» Raw data

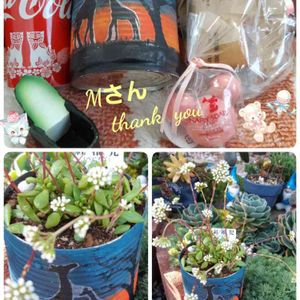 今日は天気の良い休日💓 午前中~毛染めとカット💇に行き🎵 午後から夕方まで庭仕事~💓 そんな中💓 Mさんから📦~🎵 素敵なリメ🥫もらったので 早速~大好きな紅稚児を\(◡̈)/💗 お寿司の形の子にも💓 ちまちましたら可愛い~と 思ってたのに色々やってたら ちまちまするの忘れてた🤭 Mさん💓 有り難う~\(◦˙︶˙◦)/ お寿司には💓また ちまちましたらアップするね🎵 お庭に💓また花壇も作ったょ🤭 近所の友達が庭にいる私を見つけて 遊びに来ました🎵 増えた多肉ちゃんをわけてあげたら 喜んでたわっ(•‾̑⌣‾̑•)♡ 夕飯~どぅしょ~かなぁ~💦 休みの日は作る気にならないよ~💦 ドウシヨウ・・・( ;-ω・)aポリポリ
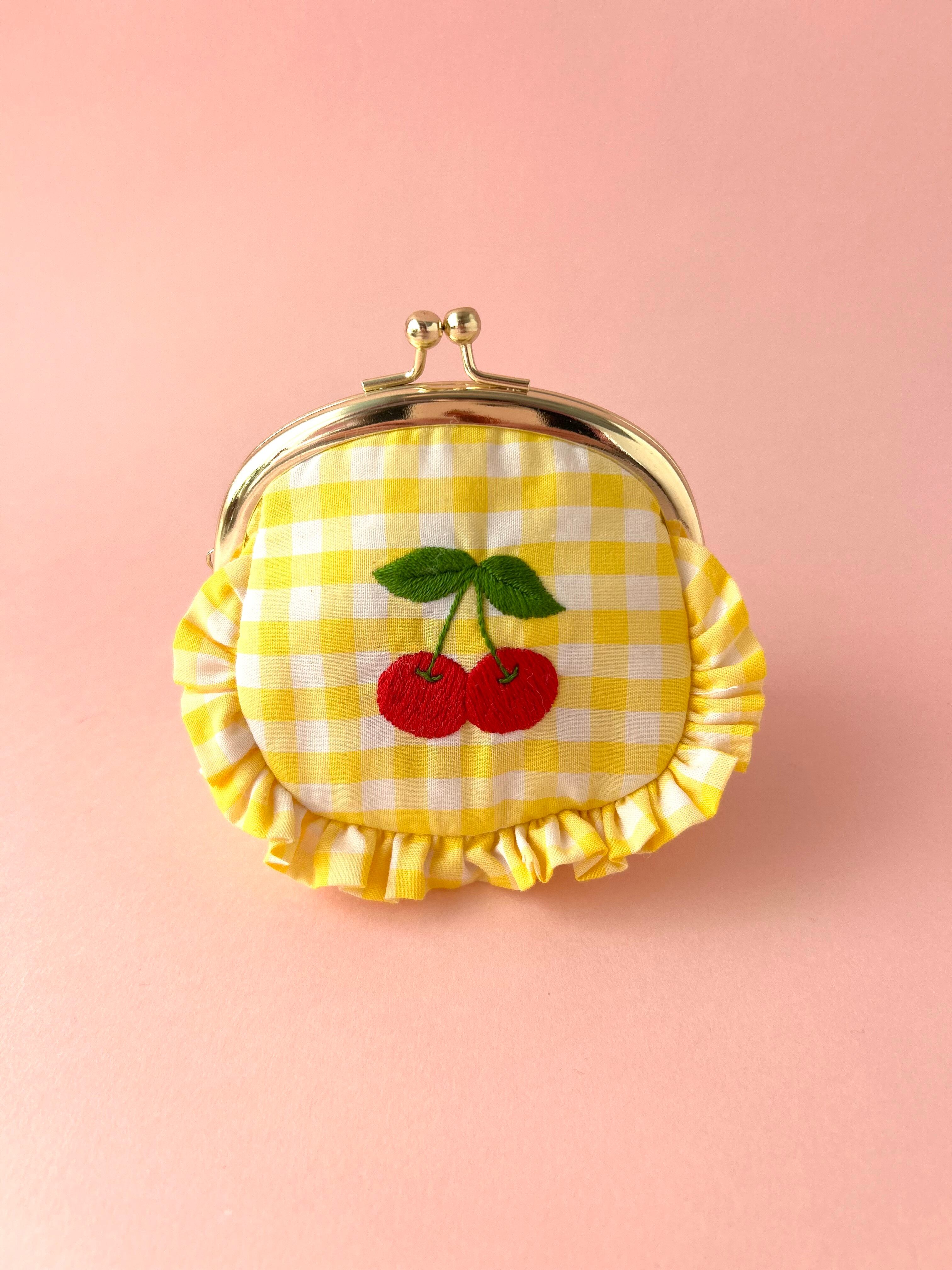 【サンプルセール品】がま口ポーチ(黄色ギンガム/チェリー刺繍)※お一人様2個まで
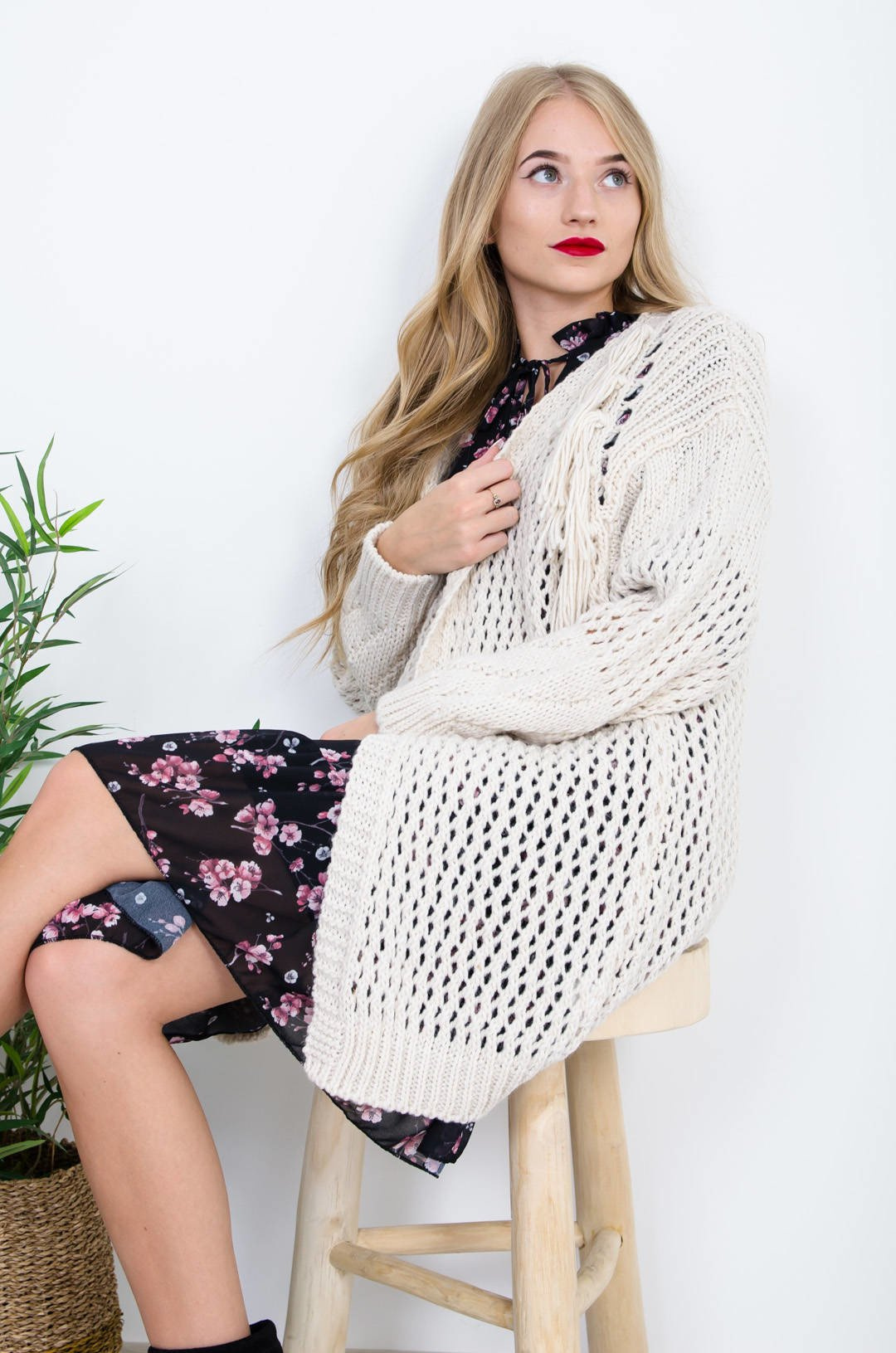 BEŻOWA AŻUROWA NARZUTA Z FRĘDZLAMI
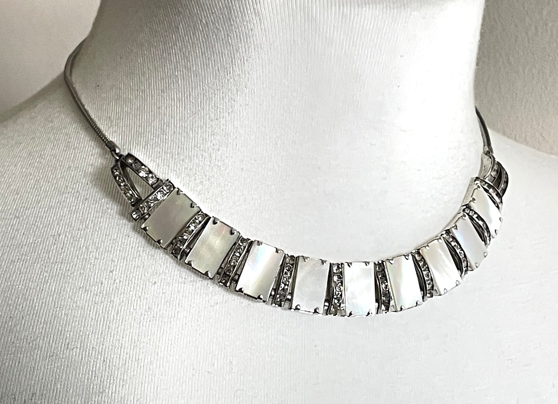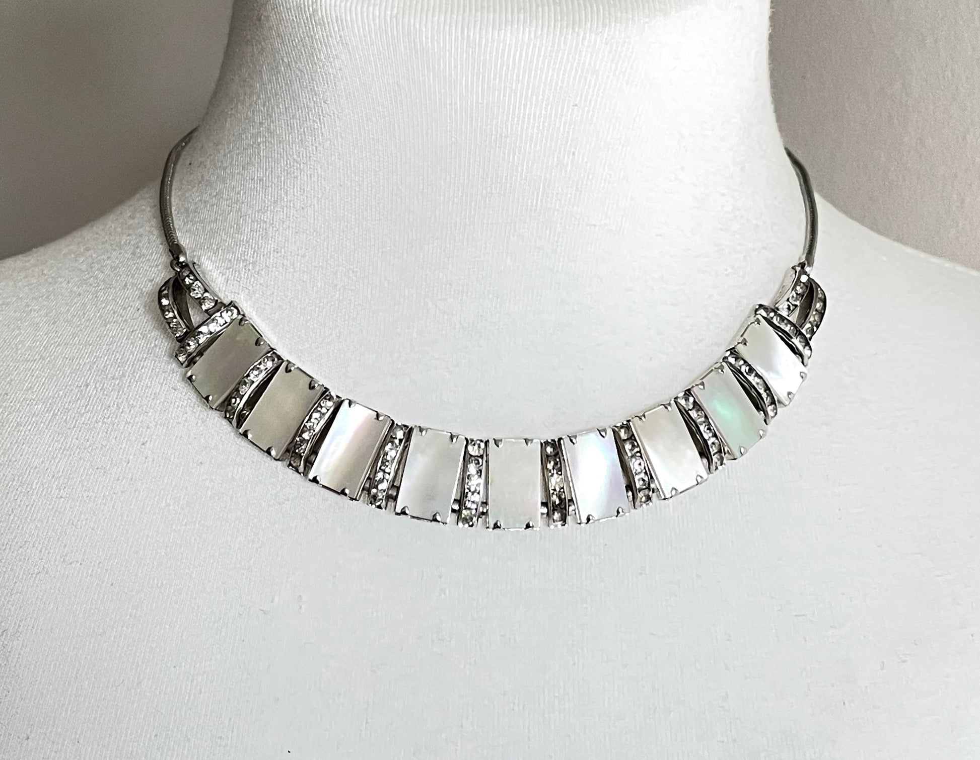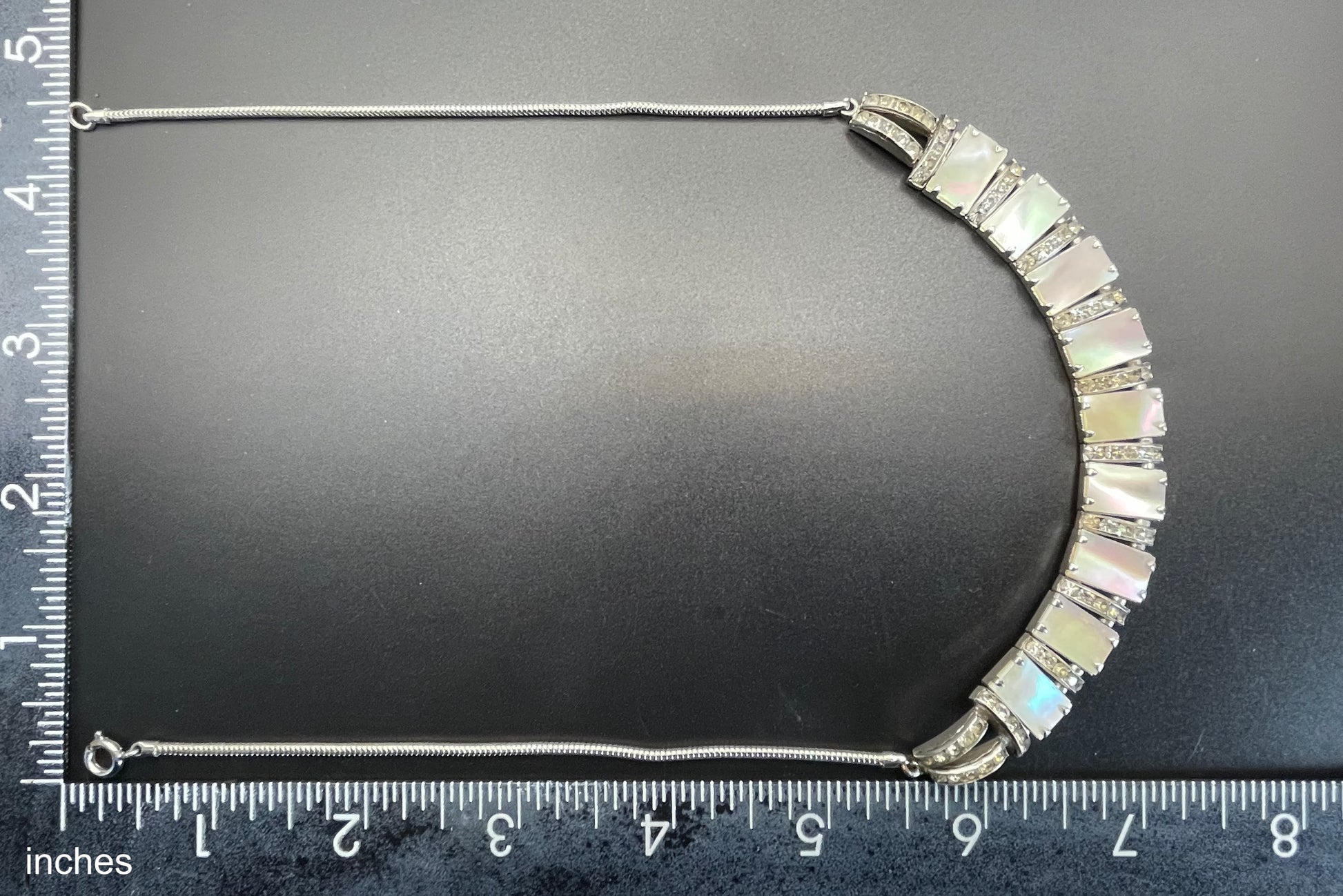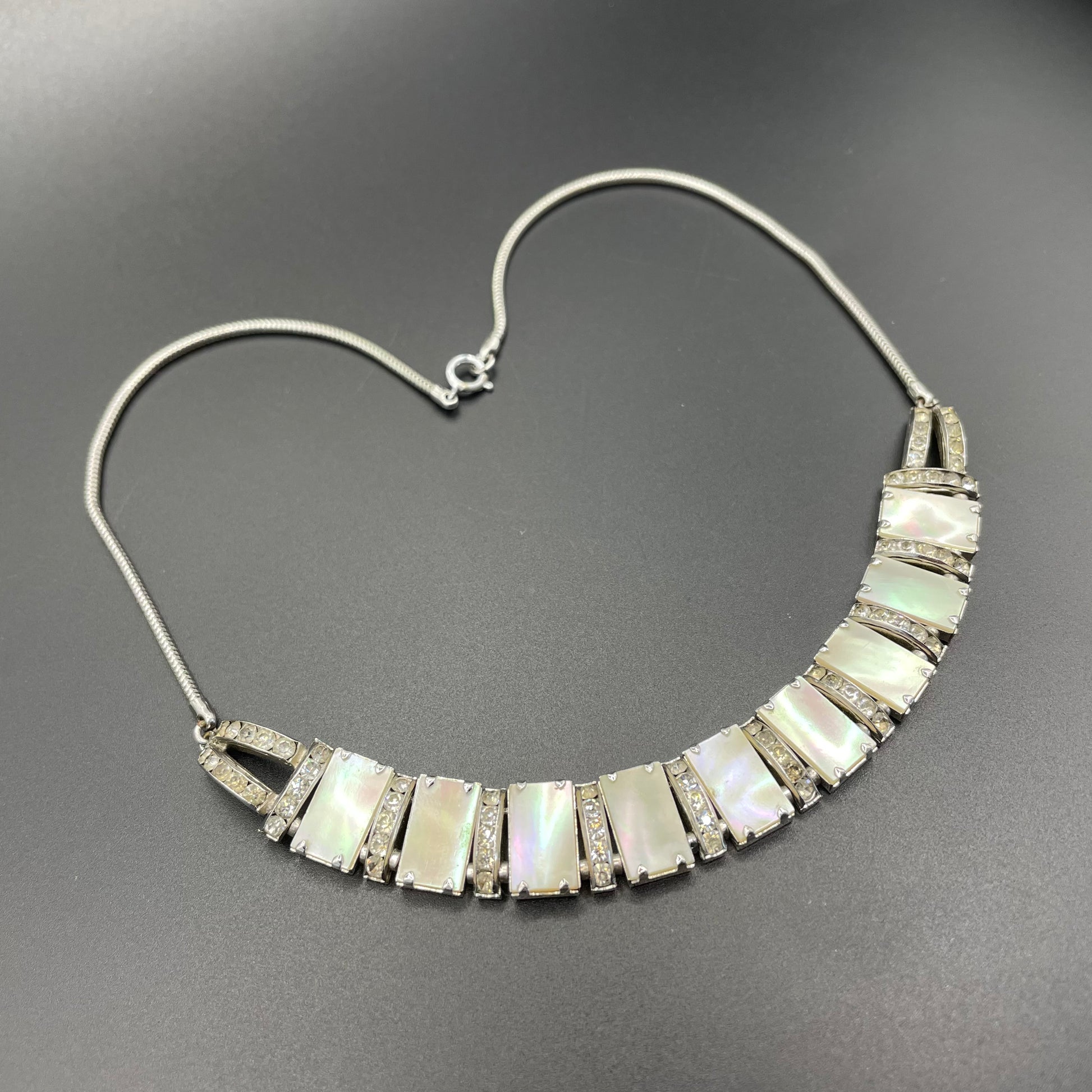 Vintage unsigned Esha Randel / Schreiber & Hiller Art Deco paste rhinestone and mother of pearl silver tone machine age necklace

» What is expected
Quote the data above in full and without alteration; skip the pictures.

» Task response
 今日は天気の良い休日💓 午前中~毛染めとカット💇に行き🎵 午後から夕方まで庭仕事~💓 そんな中💓 Mさんから📦~🎵 素敵なリメ🥫もらったので 早速~大好きな紅稚児を\(◡̈)/💗 お寿司の形の子にも💓 ちまちましたら可愛い~と 思ってたのに色々やってたら ちまちまするの忘れてた🤭 Mさん💓 有り難う~\(◦˙︶˙◦)/ お寿司には💓また ちまちましたらアップするね🎵 お庭に💓また花壇も作ったょ🤭 近所の友達が庭にいる私を見つけて 遊びに来ました🎵 増えた多肉ちゃんをわけてあげたら 喜んでたわっ(•‾̑⌣‾̑•)♡ 夕飯~どぅしょ~かなぁ~💦 休みの日は作る気にならないよ~💦 ドウシヨウ・・・( ;-ω・)aポリポリ
 【サンプルセール品】がま口ポーチ(黄色ギンガム/チェリー刺繍)※お一人様2個まで
 BEŻOWA AŻUROWA NARZUTA Z FRĘDZLAMI
 Vintage unsigned Esha Randel / Schreiber & Hiller Art Deco paste rhinestone and mother of pearl silver tone machine age necklace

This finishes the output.